Obama must carefully weigh the consequences of his decision. In Monday’s meeting with Merkel, Obama summarized his main reservations. “Can we be certain that any lethal aid that we provide Ukraine is used properly, doesn’t fall into the wrong hands, does not lead to over-aggressive actions that can’t be sustained by the Ukrainians?” Obama asked. “What kinds of reactions does it prompt, not simply from the separatists but from the Russians?”

Should the U.S. arm Ukraine, it would provide the beleaguered Kiev government with a new edge in ongoing hostilities.

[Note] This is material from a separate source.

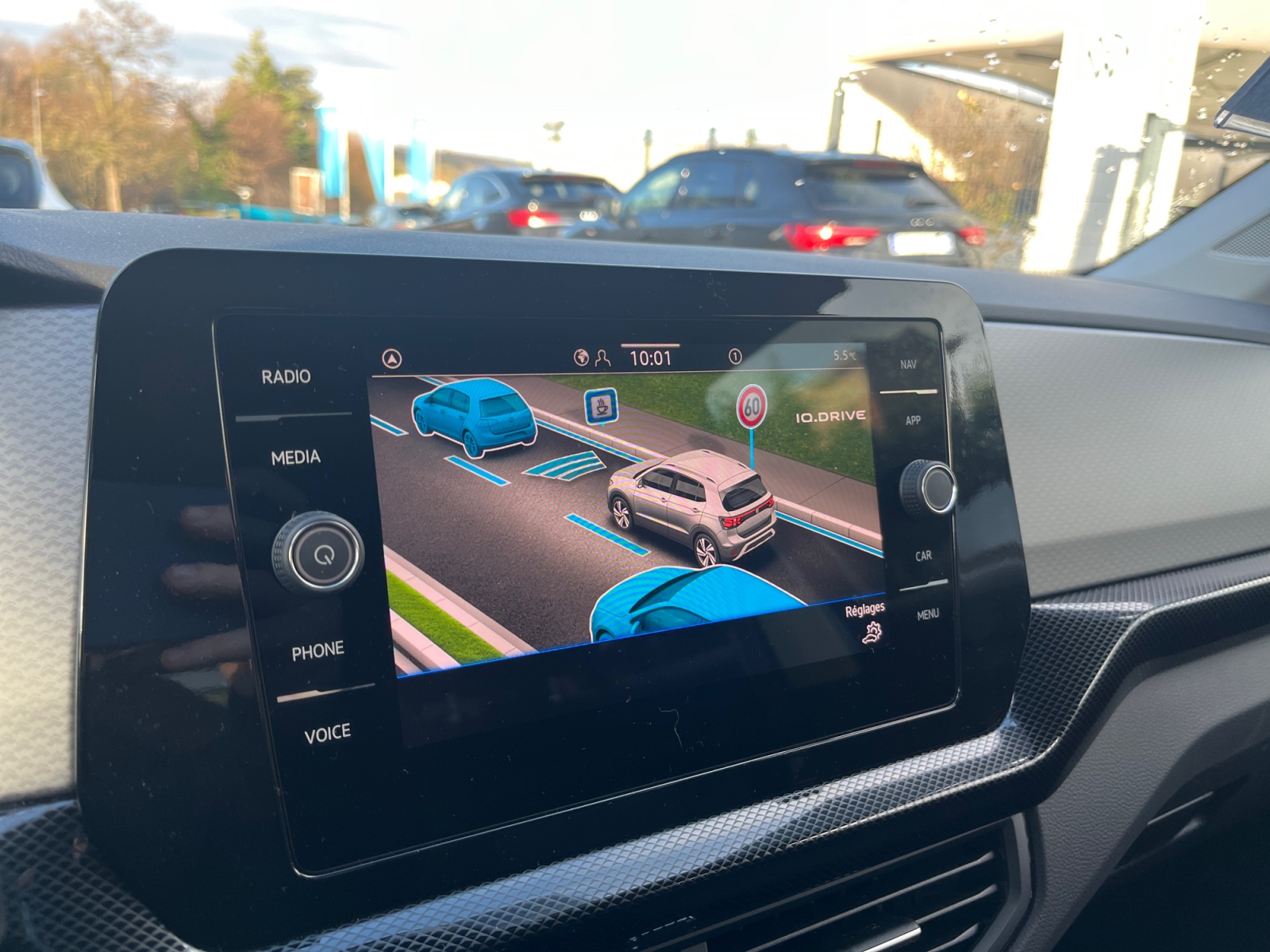 Lane Assist: Assistant de maintien de trajectoire qui corrige, dans la limite du système, le mouvement du volant avant que le véhicule dépasse involontairement la bande de roulement. Système actif à partir de 65 km/h

Dmitri Trenin, an analyst from the Carnegie Moscow Center, stated in a recent report that arming Kiev would make a definitive statement against Russia’s international aggression, but it also risks further escalating the conflict—creating a proxy war between two former Cold War adversaries as Russia and the U.S. supply combatants on opposite sides of the crisis.

Russo-U.S. relations — already chilled in light of economic sanctions and previous diplomatic clashes — could crumble further if Ukraine is supplied with American weapons.

Alternatively, abstaining from arming Ukraine would avoid direct conflict with Russia, but would risk allowing Ukraine to fall completely into the Russian bear hug.

In addition, Obama must consider his support at home. The presence of a strong bipartisan drive in Congress for sending arms cannot be ignored. If Obama decides against arming Ukraine, he may have to go head-to-head with Congress.